Existing tests cover the fp64 path on shaderFloat64-capable devices; this PR adds a fp32-fallback smoke and an --vulkan-require-fp64 strict-refusal smoke.

References¶

ADR-0492: original double-precision promotion + hard refusal (superseded by this ADR).
ADR-0214: GPU-parity CI gate (places=4 per-frame threshold).
ADR-0350: shaderBufferInt64Atomics probe precedent (same pattern).
research-0053: NVIDIA FMA contraction investigation (fp32 precise fix that the fp32 variant re-uses).

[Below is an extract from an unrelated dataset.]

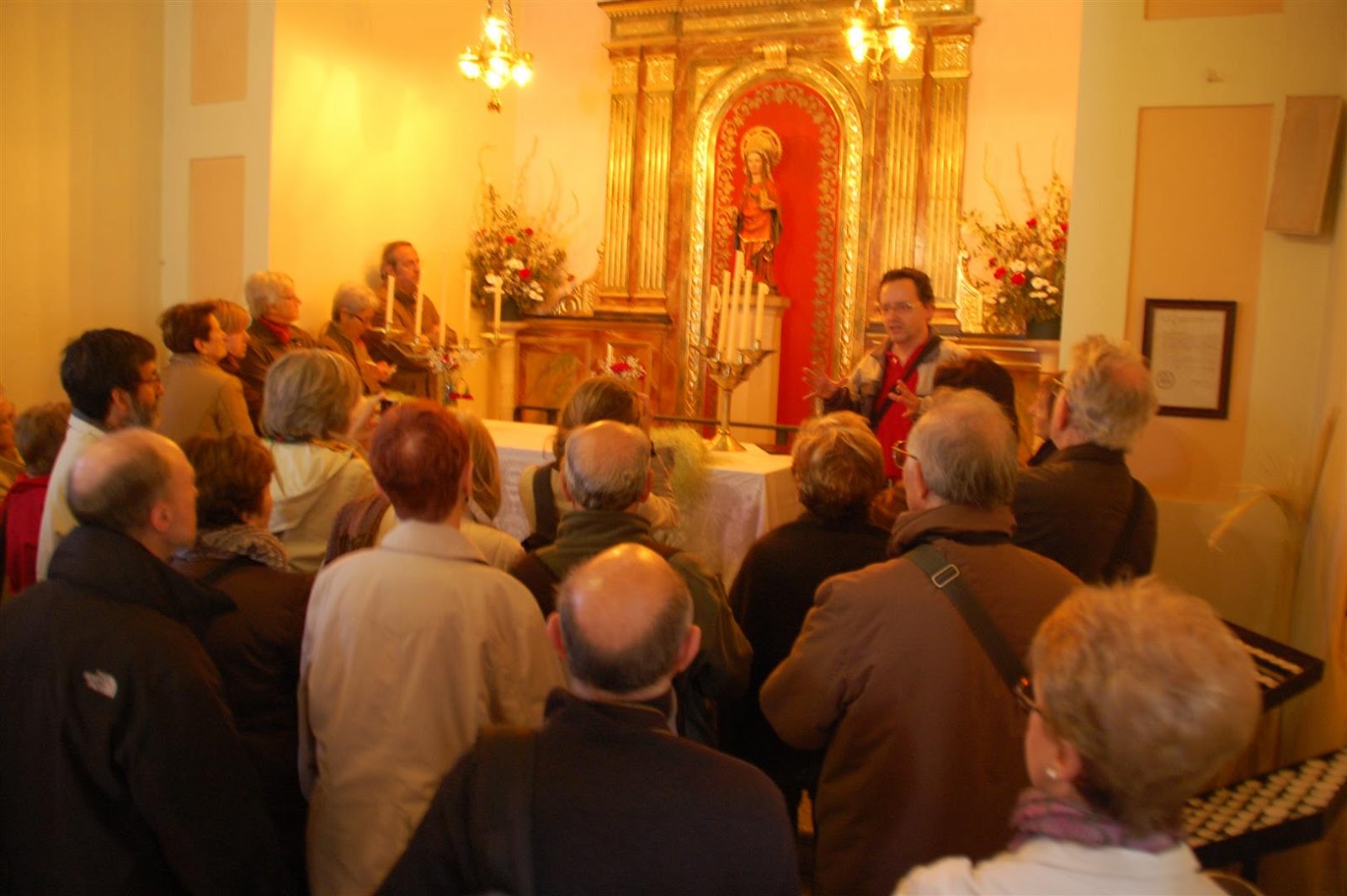 La visita va començar a l’església parroquial de Santa Maria on el Dr. Joan Valero va explicar dues de les imatges medievals que conté l’edifici. En primer lloc una imatge sedent de la Verge de la Llet, que malgrat presenta certs arcaismes en la representació es pot situar a l’època gòtica. En segon lloc, una talla del gòtic internacional que representa a Santa Magdalena i que es pot relacionar amb el taller de Pere Sanglada. Valero va ressaltar que presenta un paral·lel clar amb altres obres d’aquest autor, com per exemple la imatge homònima de la trona de la catedral de Barcelona.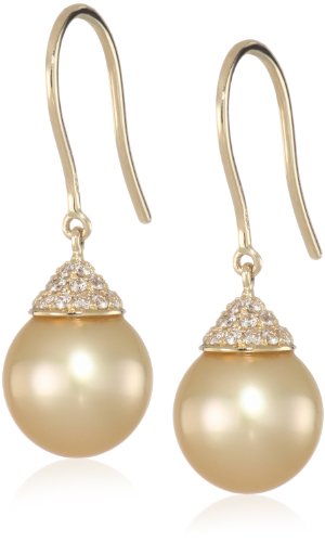 Baggins Yellow Gold with Diamond Cap Golden South Sea Pearl Dangle Earrings Feature

Source: user direction (paraphrased) — replace the hard shaderFloat64 refusal with a two-variant compile and runtime auto-pick; default is auto-fallback to fp32, opt-in --vulkan-require-fp64 for bit-exact-strict workflows. Empirical fp32-vs-fp64-vs-CPU deltas (Intel Arc A380, AMD gfx1036, RTX 4090) collected on the dev host pre-fix and documented in the Context table above.